School of Information Science and Engineering, Xinjiang University, Urumqi, China.
People's Hospital of Xinjiang Uygur Autonomous Region, Xinjiang University, Urumqi, China.
Med Phys. 2022 Dec;49(12):7609-7622. doi: 10.1002/mp.15872. Epub 2022 Jul 30.
Rapid and accurate segmentation of medical images can provide important guidance in the early stages of life-threatening diseases.
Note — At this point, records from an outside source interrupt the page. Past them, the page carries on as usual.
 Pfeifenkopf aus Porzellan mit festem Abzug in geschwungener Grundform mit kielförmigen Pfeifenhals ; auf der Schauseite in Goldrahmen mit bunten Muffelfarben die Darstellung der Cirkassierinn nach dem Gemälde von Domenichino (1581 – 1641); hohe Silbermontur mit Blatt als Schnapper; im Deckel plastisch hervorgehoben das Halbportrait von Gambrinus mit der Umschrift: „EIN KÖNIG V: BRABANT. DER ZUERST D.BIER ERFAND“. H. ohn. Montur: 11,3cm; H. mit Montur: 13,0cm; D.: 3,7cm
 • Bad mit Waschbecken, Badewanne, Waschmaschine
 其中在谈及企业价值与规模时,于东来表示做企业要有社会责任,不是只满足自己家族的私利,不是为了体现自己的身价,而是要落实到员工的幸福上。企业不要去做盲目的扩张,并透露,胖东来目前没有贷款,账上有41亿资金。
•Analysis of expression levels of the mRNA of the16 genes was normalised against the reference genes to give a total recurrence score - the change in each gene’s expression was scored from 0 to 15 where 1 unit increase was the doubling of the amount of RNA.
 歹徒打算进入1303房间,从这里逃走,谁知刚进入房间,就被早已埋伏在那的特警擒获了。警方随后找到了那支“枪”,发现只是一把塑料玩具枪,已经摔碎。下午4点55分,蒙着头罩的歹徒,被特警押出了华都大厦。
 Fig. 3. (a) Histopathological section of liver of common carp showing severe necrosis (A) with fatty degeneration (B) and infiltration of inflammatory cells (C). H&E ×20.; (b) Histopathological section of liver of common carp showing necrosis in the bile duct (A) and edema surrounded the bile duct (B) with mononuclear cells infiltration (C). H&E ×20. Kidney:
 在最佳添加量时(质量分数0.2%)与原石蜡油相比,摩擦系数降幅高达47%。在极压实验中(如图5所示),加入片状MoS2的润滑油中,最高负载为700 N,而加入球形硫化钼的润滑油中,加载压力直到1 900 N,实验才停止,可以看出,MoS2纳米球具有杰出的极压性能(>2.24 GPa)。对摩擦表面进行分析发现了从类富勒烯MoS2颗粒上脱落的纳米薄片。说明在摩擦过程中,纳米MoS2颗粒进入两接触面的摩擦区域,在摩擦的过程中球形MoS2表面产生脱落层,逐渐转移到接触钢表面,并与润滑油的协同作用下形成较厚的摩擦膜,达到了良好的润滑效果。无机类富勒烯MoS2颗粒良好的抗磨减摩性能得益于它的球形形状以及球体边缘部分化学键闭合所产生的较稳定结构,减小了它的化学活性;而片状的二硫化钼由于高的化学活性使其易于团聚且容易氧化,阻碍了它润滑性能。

However, fuzzy edges and high similarity with the background in images usually cause undersegmentation or oversegmentation. To solve these problems.
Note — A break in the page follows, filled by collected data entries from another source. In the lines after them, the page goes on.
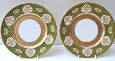 Pair Royal Doulton Cabinet Plates in Green with Heavy Gold work 10 1/2 inch diameter
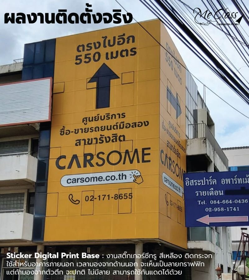 ภารกิจที่ 2 พบกับผลงานติดตั้งจริง Sticker Digital Print Base งานสติ๊กเกอร์ซีทรู สีเหลือง ติดกระจก ใช้สำหรับอาคารภายนอก เวลามองจากด้านนอก จะเห็นเป็นลายกราฟฟิก แต่ถ้ามองจากตัวตึกจะปกติ ไม่มีลาย ใช้กันแดดได้ด้วย
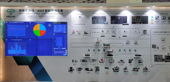 TIMTOS最大ブースとなる友嘉実業集団(FFG: Fair Friend Group)では、大手産業用PCメーカーのNEXCOMグループと提携し、「グリーン工作機械(緑色工具機)」「AIoTスマートソリューション(智能解決方案)」と題して、環境にやさしい工作機械向けのAIとIoTを駆使したスマートソリューションを共同開発すると発表していた。
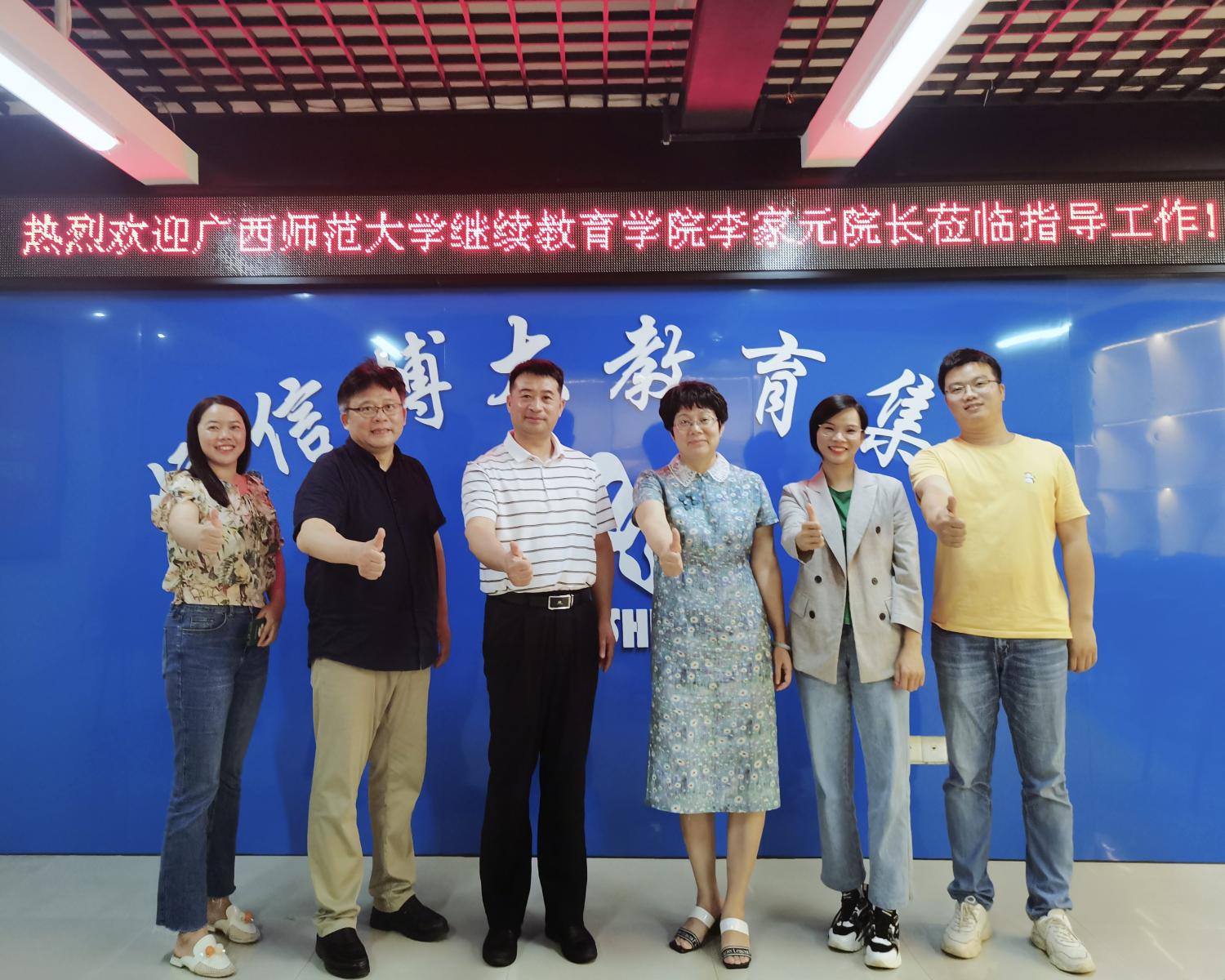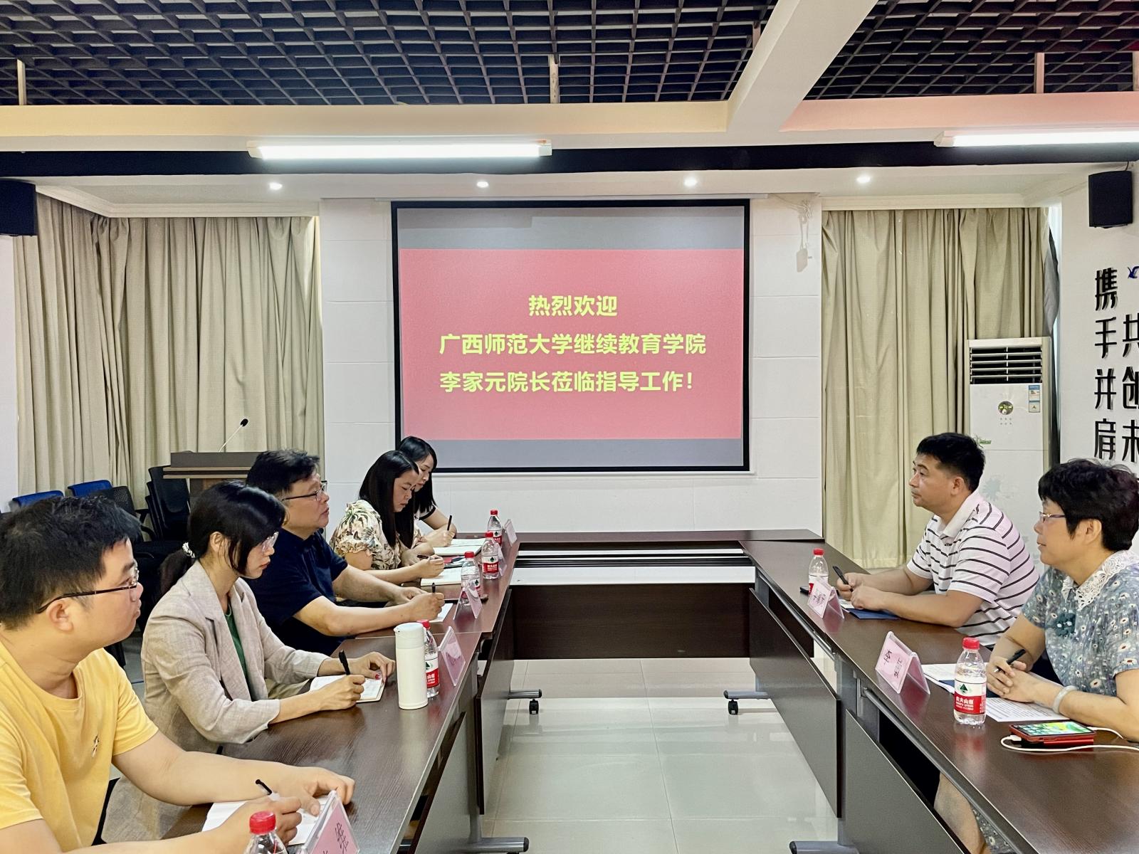 2022年5月26日下午,广西师范大学继续教育学院李家元院长及李敏副院长一行三人莅临我函授站进行交流指导工作,负责人黄映恒博士全程接待陪同,并对李家元院长一行的到来表示热烈欢迎。
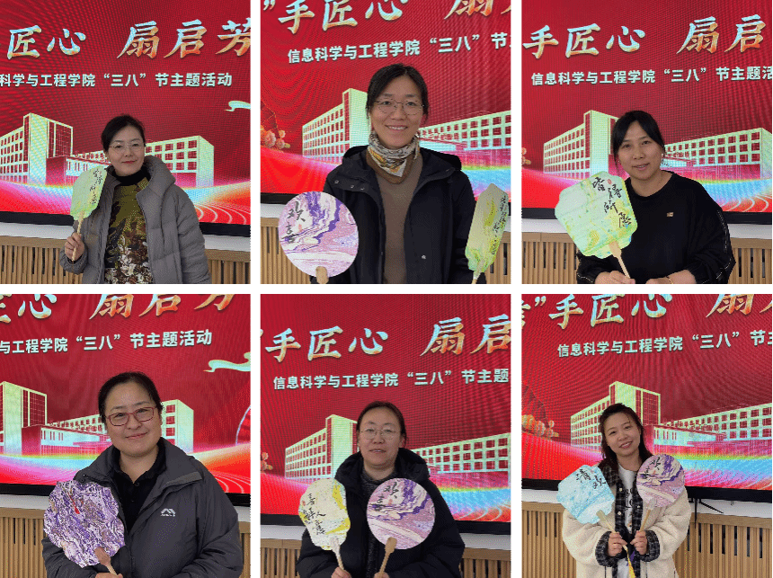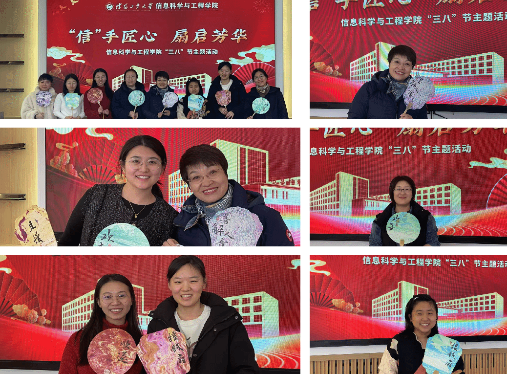 女教职工们在亲手制作漆扇过程中,充分发挥自己的想象力和创造力,用不同颜色的颜料、不同意境的扇子绘制出各种精美的图案,每一把漆扇都凝聚着制作者的心血和情感,展现出独特的艺术魅力,大家沉浸其中,互相交流制作心得,分享彼此的作品,现场充满了欢声笑语,手持自己精心制作的漆扇,在活动现场留下了一张张笑脸。
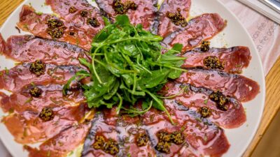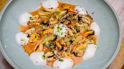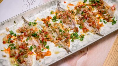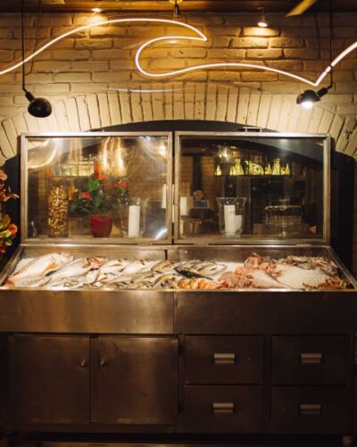 Ο συνδυασμός ζυμαρικών με θαλασσινό έχει ενδιαφέρον: τα μαύρα ταλιολίνι με μελάνι σουπιάς συνδυάζονται ωραία με ψίχα από ελληνικό μπλε καβούρι Κατερίνης, ντομάτα, κανθαρέλες και θερινές τρούφες. Τα μικρόψαρα έχουν την τιμητική τους: σαρδέλες παντρεμένες, γαυράκι πανέ τηγανισμένο με κρεμμύδια ή πληθωρικός γαύρος μαρινάτος.
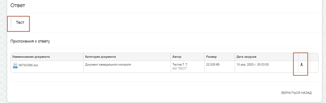 Ознакомьтесь с ответом и приложенным к нему документом от камерального контроля.

We propose a novel edge features-reinforcement (EFR) module that uses relative frequency changes before and after warping images to extract edge information. Then, the EFR module leverages deep features to guide shallow features to produce a band-shaped edge attention map for reinforcing the edge region of all channels. We also propose a multiscale context exploration (MCE) module to fuse multiscale features and to extract channel and spatial correlations, which allows a model to focus on the parts that contribute most to the final segmentation. We construct EFR-Net by embedding EFR and MCE modules on the encoder-decoder architecture.
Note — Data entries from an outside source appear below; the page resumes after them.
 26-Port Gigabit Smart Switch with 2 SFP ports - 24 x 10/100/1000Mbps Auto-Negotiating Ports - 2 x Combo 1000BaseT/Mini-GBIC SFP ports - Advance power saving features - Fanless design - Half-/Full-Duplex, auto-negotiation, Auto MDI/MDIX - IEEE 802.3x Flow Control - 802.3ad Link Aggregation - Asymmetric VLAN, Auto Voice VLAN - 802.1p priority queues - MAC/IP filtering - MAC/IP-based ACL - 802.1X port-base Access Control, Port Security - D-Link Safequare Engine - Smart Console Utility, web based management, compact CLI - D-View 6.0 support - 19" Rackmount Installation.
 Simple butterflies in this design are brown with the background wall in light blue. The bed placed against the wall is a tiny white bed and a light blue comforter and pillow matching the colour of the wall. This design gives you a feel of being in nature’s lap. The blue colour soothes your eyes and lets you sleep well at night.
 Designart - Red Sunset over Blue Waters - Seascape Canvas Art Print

We verify EFR-Net's performance with four medical datasets: retinal vessel segmentation dataset DRIVE, endoscopic polyp segmentation dataset CVC-ClinicDB, dermoscopic image dataset ISIC2018, and aortic true lumen dataset Aorta-computed tomography (CT). The proposed model achieves Dice similarity coefficients (DSCs) of 81.61%, 92.87%, 89.87%, and 96.98% on DRIVE, CVC-ClinicDB, ISIC2018, and Aorta-CT, respectively, which are better than those of current mainstream methods. In particular, the DSC of polyp segmentation increased by 3.87%.
Through quantitative and qualitative research, our method is determined to surpass current mainstream segmentation methods, and EFR modules can effectively improve the edge prediction effect of color images and CT images. The proposed modules are easily embedded in other encoder-decoder architectures, which has the potential to be applied and expanded.
快速准确的医学图像分割可以在危及生命的疾病早期提供重要指导。
然而,图像中的边缘模糊和与背景高度相似通常会导致分割不足或过度分割。为了解决这些问题。
我们提出了一种新颖的边缘特征增强(EFR)模块,该模块使用图像变形前后的相对频率变化来提取边缘信息。然后,EFR 模块利用深度特征引导浅层特征生成带状边缘注意力图,以增强所有通道的边缘区域。我们还提出了一种多尺度上下文探索(MCE)模块,用于融合多尺度特征并提取通道和空间相关性,使模型能够专注于对最终分割贡献最大的部分。我们通过在编码器-解码器架构上嵌入 EFR 和 MCE 模块来构建 EFR-Net。
我们在四个医学数据集上验证了 EFR-Net 的性能:视网膜血管分割数据集 DRIVE、内窥镜息肉分割数据集 CVC-ClinicDB、皮肤镜图像数据集 ISIC2018 和主动脉计算机断层扫描(CT)数据集 Aorta-CT。所提出的模型在 DRIVE、CVC-ClinicDB、ISIC2018 和 Aorta-CT 上分别实现了 81.61%、92.87%、89.87%和 96.98%的 Dice 相似系数(DSC),优于当前主流方法。特别是,息肉分割的 DSC 提高了 3.87%。
通过定量和定性研究,我们的方法被确定超过了当前主流的分割方法,EFR 模块可以有效地提高彩色图像和 CT 图像的边缘预测效果。所提出的模块易于嵌入其他编码器-解码器架构,具有应用和扩展的潜力。